Immediately after this the Alliance attempted a coup d'état. Realising that it would not be able to secure itself an artificial majority at the Hague Congress by means of the same manoeuvres employed at Basle and La Chaux-de-Fonds, the Alliance took advantage of the Conference held at Rimini by the self-styled Italian Federation in order to make a public announcement of the split. The Conference delegates passed a unanimous resolution (see appendix No. 12). Thus the Congress of the Alliance stood in opposition to that of the International. However, it was soon realised that this plan had no chance of success.

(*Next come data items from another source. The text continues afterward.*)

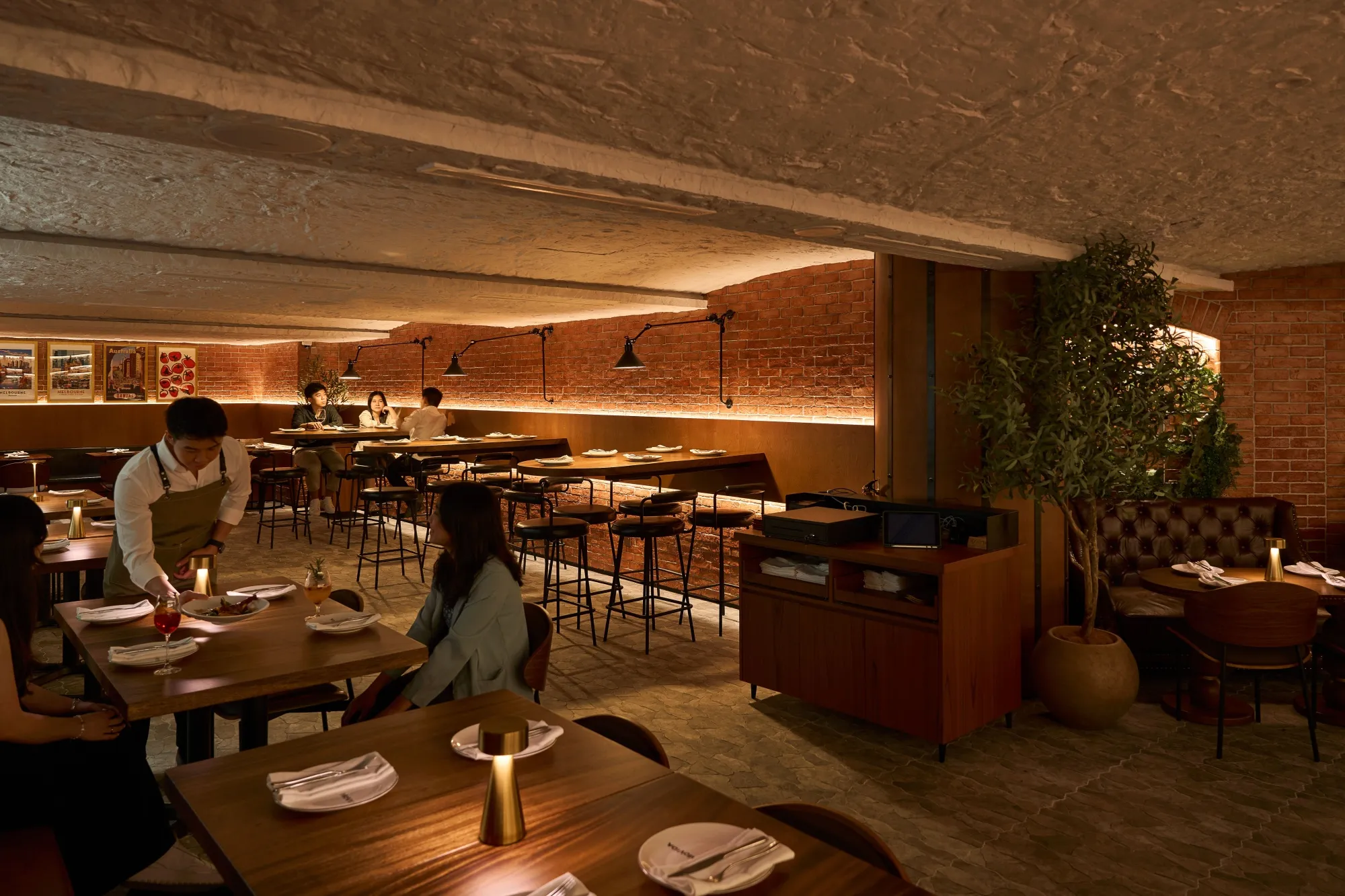 MoVida的餐厅。来源:MoVida**氛围。**就像走进一个地下酒窖。想象一下石质低天花板、砖红色墙壁和柔和的灯光。感觉并不像是在购物中心用餐(这有时会是一个非常暴露和混乱的体验)。
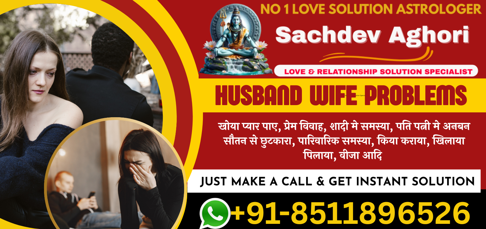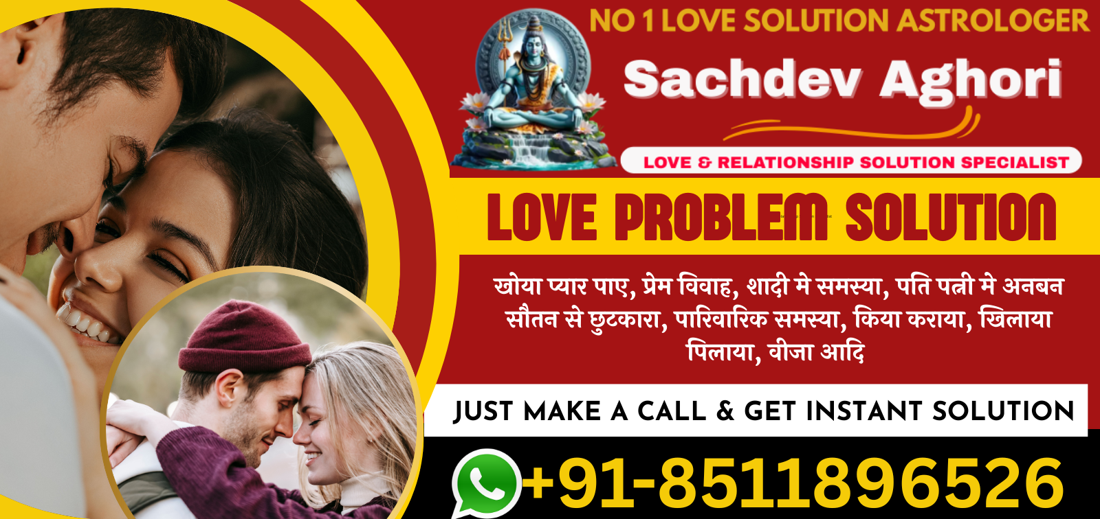 Thank you so much Astrologer Sachdev Aghori for helping me. My partner was also involved in extra affair but your solutions helped me to get him out from this.
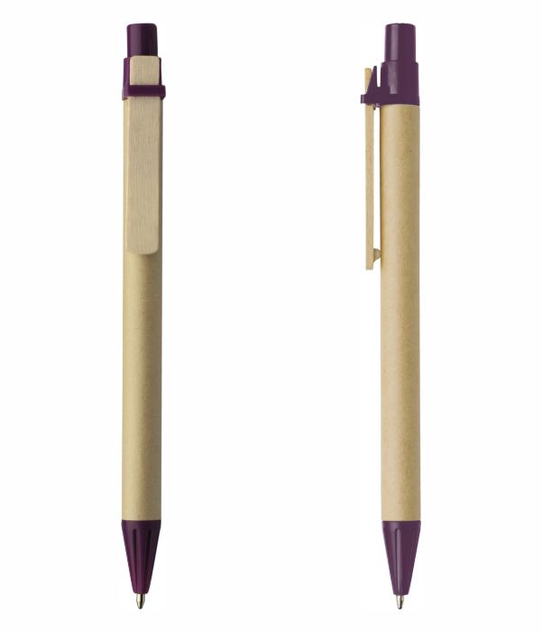 Bolígrafo ecológico promocional con caña de cartón y clip en madera, dos materiales que le dan una buena sintonía con el medio ambiente
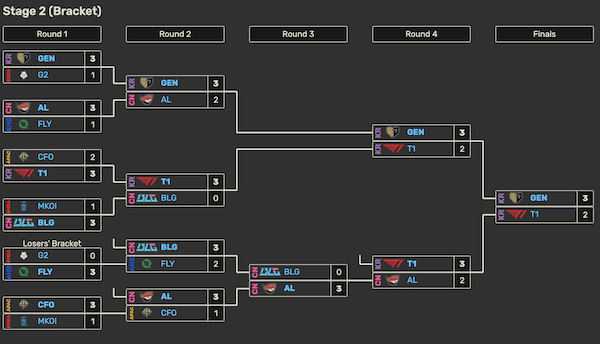 Nel Bracket con doppio tabellone, i team di Cina e Corea del Sud hanno raggiunto le semifinali. Gen.G ha battuto 3-2 Anyone’s Legend, mentre i T1 del GOAT Faker hanno spazzato via Bilibili con un secco 3-0. Gen.G ha poi sconfitto T1 nella prima finale con il punteggio di 3-2.
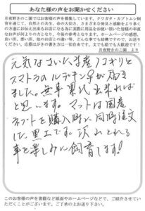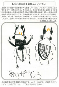 かぶと虫のペアを送って下さり、早速マットの中に入れました。来年のたまごが楽しみです。大切に育てて来年はたくさんのペアが育つ事を楽しみにしています。
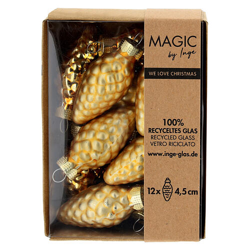 12 bolas en forma de piña de vidrio dorado (6 opacas y 6 lúcidas) de 4,5 cm.
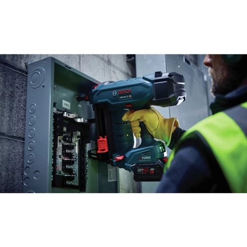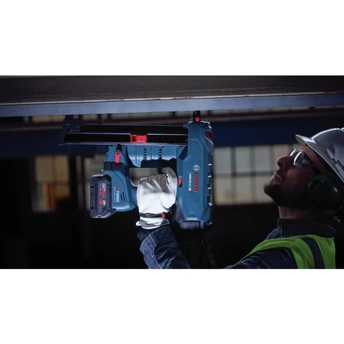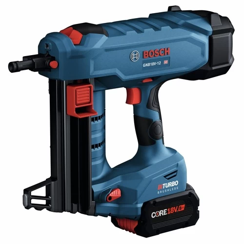 The Bosch GNB18V-12 PROFACTOR 18V Concrete Nailer runs on the PROFACTOR System, delivering the power needed for tackling heavy-duty interior steel framing or commercial drywalling jobs. The nailer has the capacity to sink up to 1.5 in. collated concrete nails into concrete. It is part of the PROFACTOR System, which pairs BITURBO Brushless Technology with a CORE18V High Power Battery. BITURBO Brushless Technology is a high-performance motor and drive-train system designed to deliver power comparable to high-demand corded tools. Using a single CORE18V battery, this Cordless nailer is an ideal replacement for gas-powered concrete nailers, because it eliminates the need for consumable gas cartridges. It includes an air-spring design, which provides fast, consistent nailing. It comes with a 22 Shot collated magazine (an extra-capacity magazine, which can hold up to 44 Collated pins, is sold separately), and a single-shot nosepiece. This nailer features an open system, allowing for competitive collate nails and single shots to be used. In addition, Bosch will supply an array of branded nails ranging 5/8 in. to 1-1/2 in. for concrete, and 1/2 in. to 3/4 in. for steel applications. It has an easy-to-use depth adjustment into the workpiece, and it has an on-tool user display, which helps manage tool performance, troubleshooting and battery life status. The CORE18V 8 Ah High Power Battery is compatible with Bosch 18V tools, is optimized for PROFACTOR tools and delivers 2X more runtime than the CORE18V GBA18V40 Advanced Power Battery.
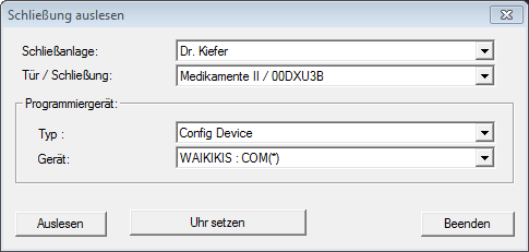 - Config Device: Wenn die Schließung mit einen Programmiergerät ausgelesen werden soll
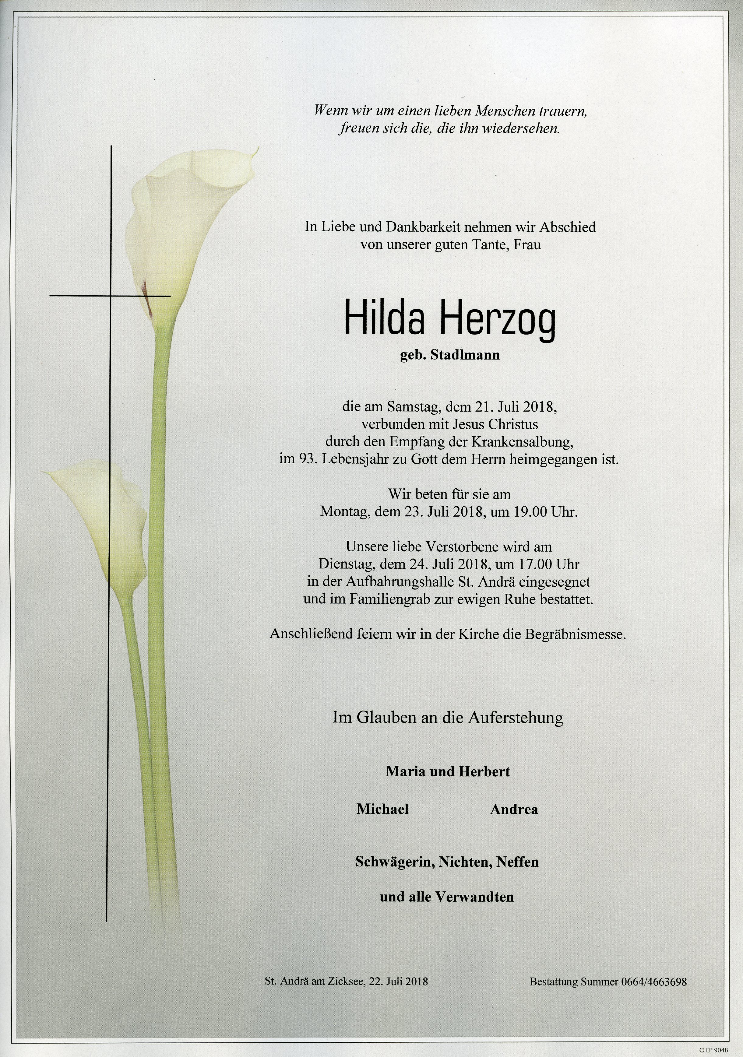 Herzog Hilda aus 7161 St. Andrä am Zicksee, gestorben am 21. Juli 2018
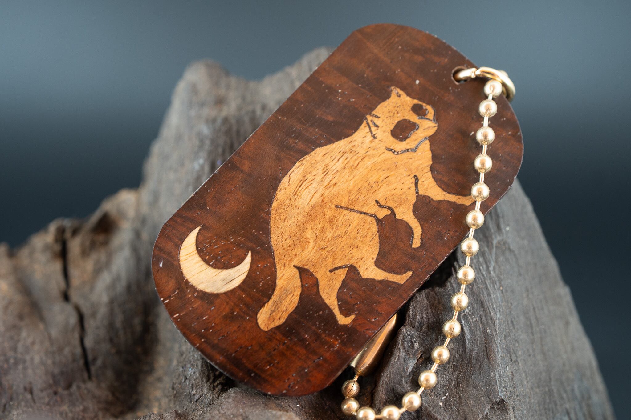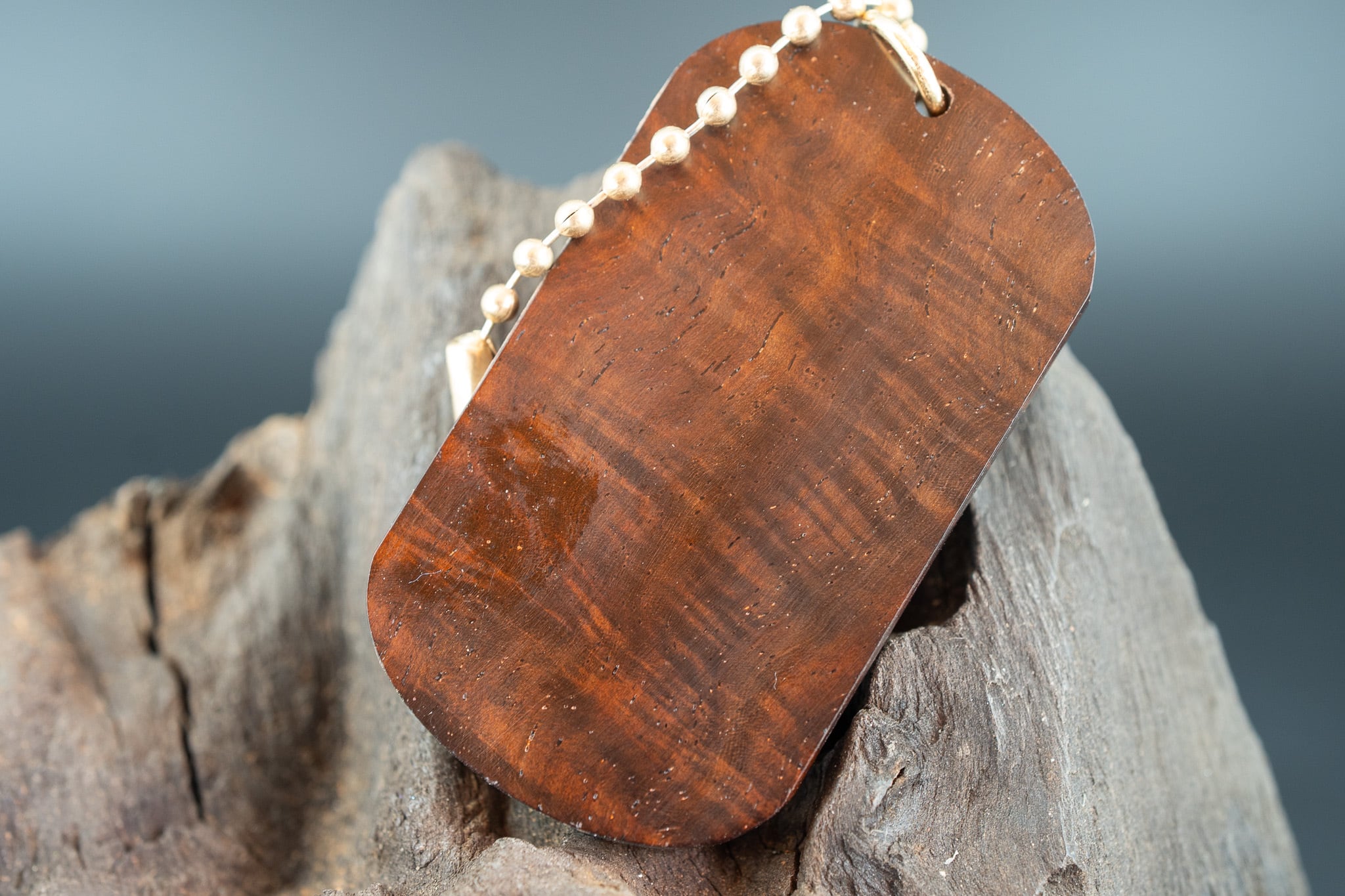 【21世紀最高峰の材】サイアミーズローズウッド マイクロカーリー ドッグタグ 象嵌 三日月とたぬき
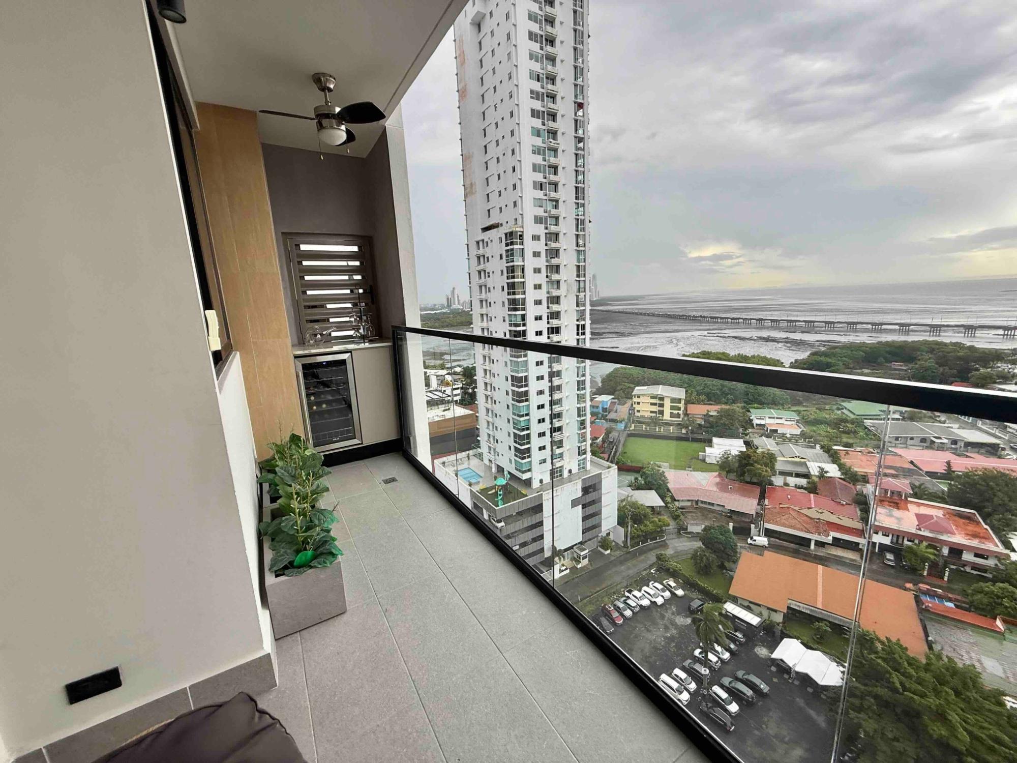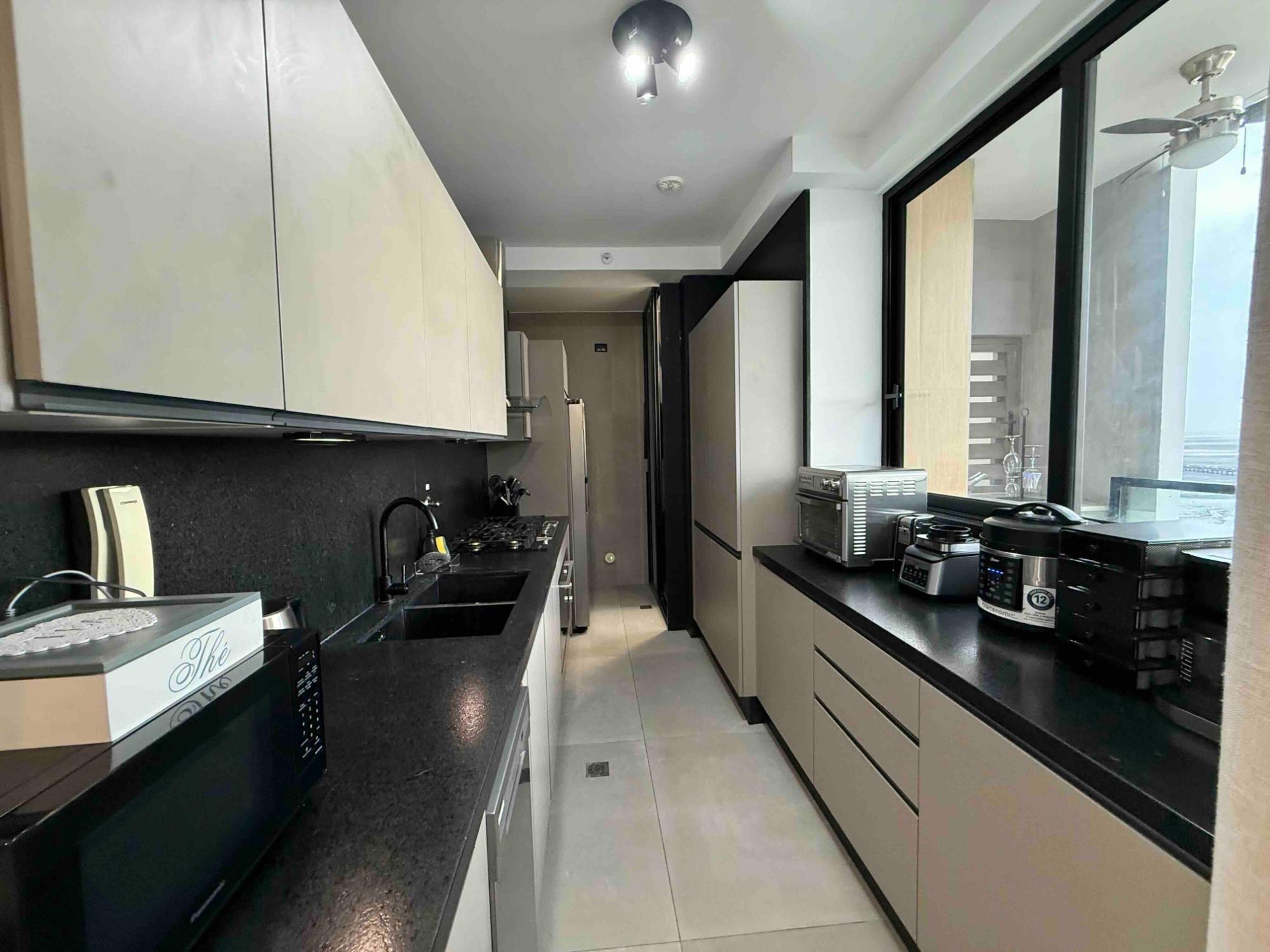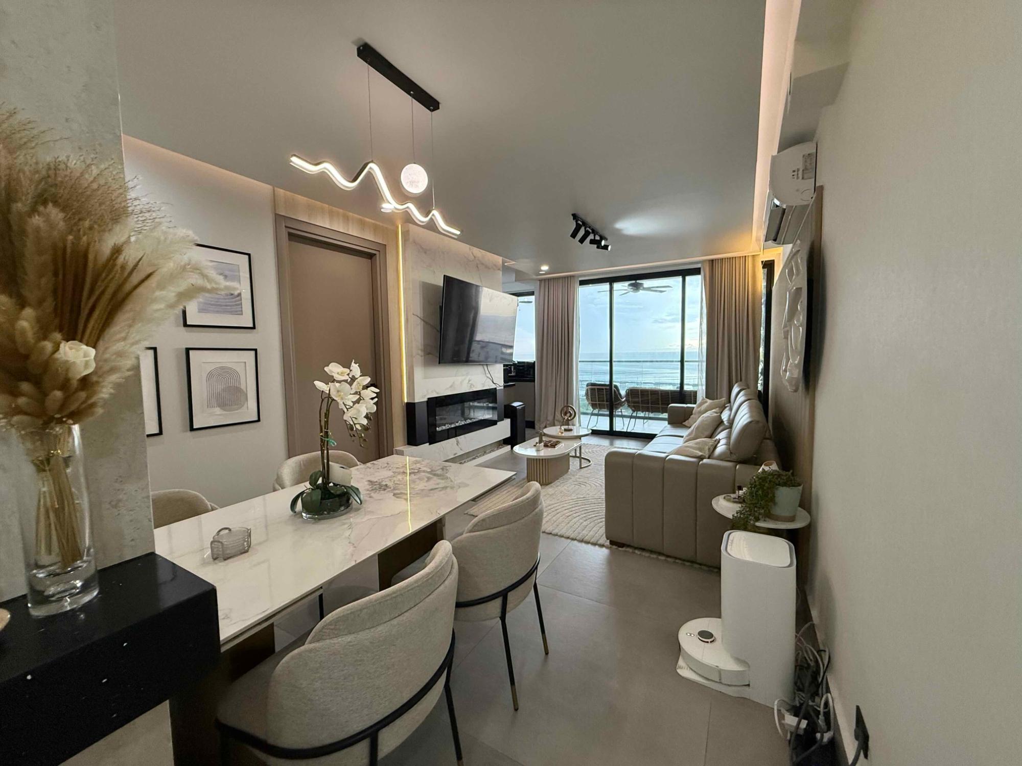 This apartment features 3 bedrooms, 2 bathrooms, a kitchen, a living/dining room, a balcony with ocean views, 2 parking spaces, and a storeroom. The building was constructed 3 years ago and offers numerous amenities, including an outdoor pool, gym, running track, tennis court, spa, movie theater, game room, billiards room, and a private social and coworking area.
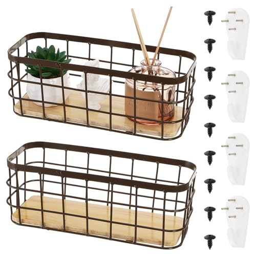 Dicunoy 2 Pack Small Wire Storage Baskets, Narrow Multipurpose Organizer Basket Bin, Farmhouse Rectangle Bathroom Organizer for Kitchen Countertop, Pantry, RV,Office Decorative, 25.5 x 10 x 10cm

It was abandoned, and the decision was taken to go to The Hague, with the very same Italian sections, of which only one out of twenty-one belongs to our Association, having the audacity to send their delegates to the Hague Congress which they had already rejected.

Considering:

1) That the Alliance (the main organ of which is the Central Committee of the Jura Federation), founded and led by M. Bakunin, is a society hostile to the International, insofar as it aims at dominating or disorganising the latter;

2) That as a consequence of the foregoing the International and the Alliance are incompatible.

The Congress resolves:

1) That M. Bakunin and all the present members of the Alliance of Socialist Democracy be expelled from the International Working Men's Association and be granted re-admission to it only after a public renunciation of all connections with this secret society;

2) That the Jura Federation be expelled as such from the International.